Polster ultimately entered summary judgment in favor of Zurich. Then, the plaintiffs appealed.

“The Ohio Supreme Court has not yet opined on the question of what ‘direct physical loss of or damage to property’ means. We, however, recently examined nearly identical policy language under Ohio law, specifically with regard to the COVID-19 pandemic … we concluded that the unambiguous policy language required a plaintiff to demonstrate ‘either destruction of the property or the owner’s dispossession to show “loss” and a direct physical alteration of the property to show “damage,”” Judge R. Guy Cole Jr. wrote on behalf of the panel, citing language from the Sixth Circuit’s 2021 ruling in Dakota Girls LLC v. Philadelphia Indemnity Insurance, which in turn had quoted Santo’s.

In January 2021, an Ohio district court judge asked the state high court to decide on a COVID-19 business interruption claim filed by an audiology company, Neuro-Communication Services Inc., against The Cincinnati Insurance Co. As of Wednesday, an opinion from the Ohio Supreme Court was not filed.

The Massachusetts Supreme Judicial Court and the Iowa Supreme Court became the first state high courts in the country in April to decide whether businesses can recover COVID-19-related business losses under their insurance policies.

Falling in line with a number of federal jurisdictions that have weighed in on the issue, both state supreme courts held that the mere loss of use of a business does not constitute “direct physical loss or damage to” within the meaning of the insurance policy provisions. Therefore, coverage is not triggered and the insurance companies are off the hook from such payments, the court opinions said.

In the case against Zurich, the plaintiffs “insist that their policy is distinguishable,” and that Santo’s does not apply. They claim because they were “deprived … of their ability to use the insured premises for in-person dining,” that they “lost” their property because they “lost ‘their right under the[ir] leases to ‘enjoy’ operating the Insured Premises as fine dining establishments with in-person dining,’” the opinion said.
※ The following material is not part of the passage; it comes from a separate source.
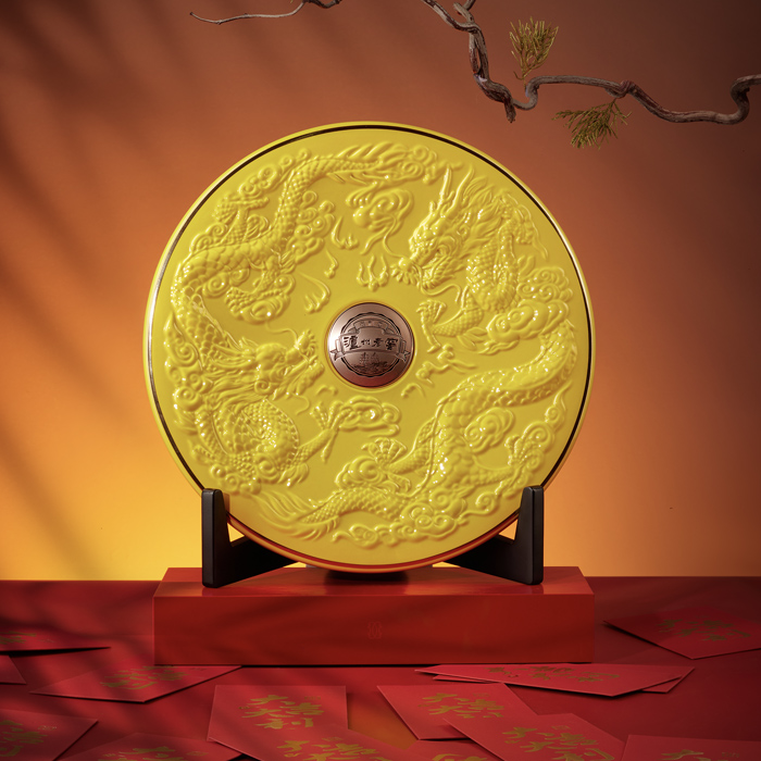 采用了国瓷永丰源烧制的帝王黄色釉瓶体,古典礼盘形状,雅致端庄,饱含龙年“家国双隆,腾飞有时”的圆满心意。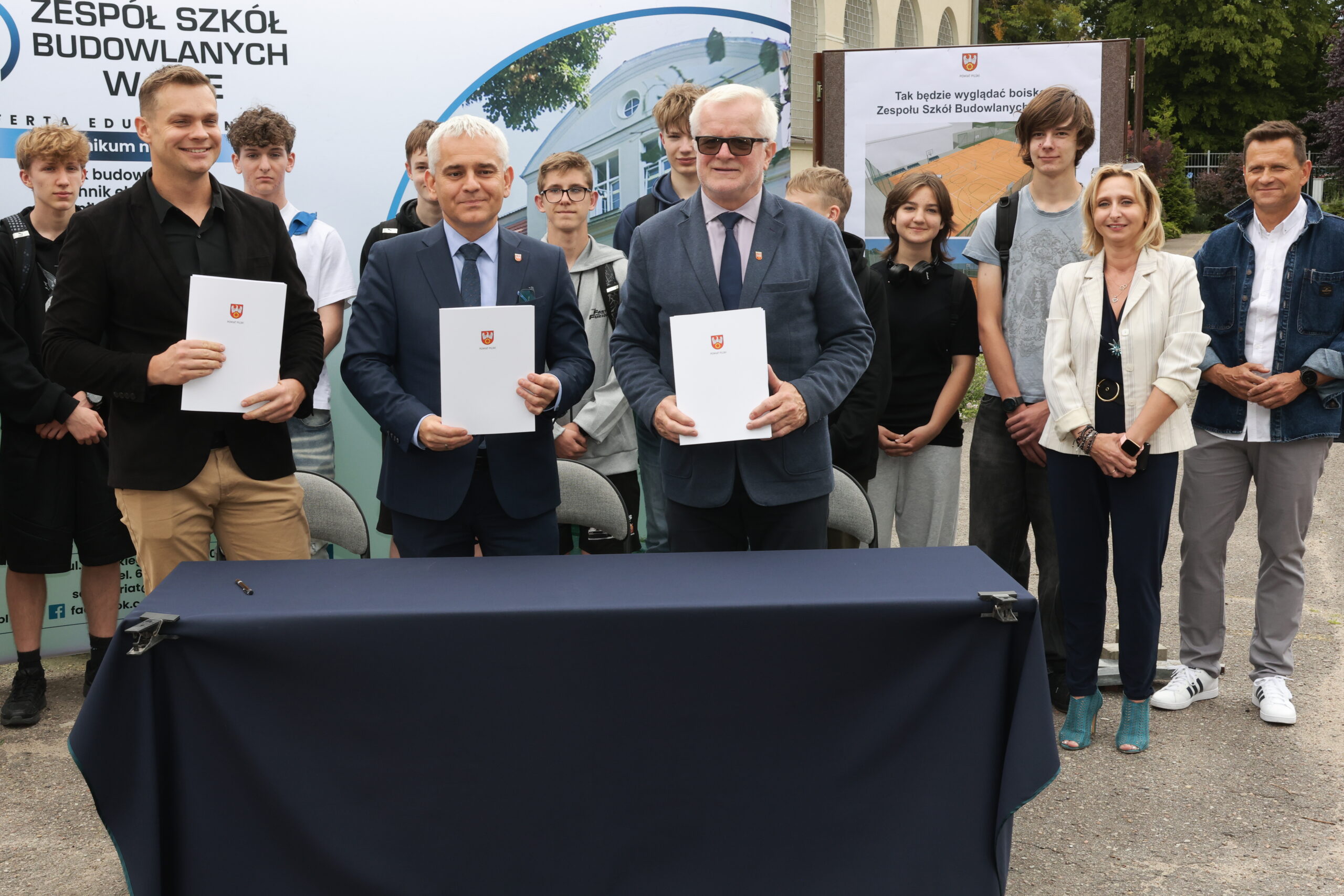 Dzisiaj została podpisana umowa na budowę boiska wielofunkcyjnego przy ZSB w Pile. W imieniu Starostwa Powiatowego umowę podpisali Starosta Pilski pan Rafał Zdzierela i Wicestarosta Pilski pan Stefan Kowal w obecności Dyrektor ZSB w Pile pani Kariny Mazurek i nauczyciela w-fu Arkadiusza Jeża oraz przedstawicieli uczniów. Ze strony wykonawcy podpis złożył pan Marcin Kilichowski reprezentujący Przedsiębiorstwo Handlowo-Usługowe INSTAL ZŁOTÓW.

“Regardless of whether ‘loss’ means ‘deprivation’ or ‘failing to keep possession’ or whether ‘property’ includes leaseholds or buildings, this court has squarely determined that ‘direct physical loss of’ property does not mean what [plaintiffs] say[] it means,” Cole wrote. “It refers to the direct physical loss of property, not the use of property.”

Messages seeking comment were not immediately returned from Sean Koran of Sonkin & Koberna on behalf of the plaintiffs, nor from Patrick Hofer, partner at Clyde & Co., for the insurance company.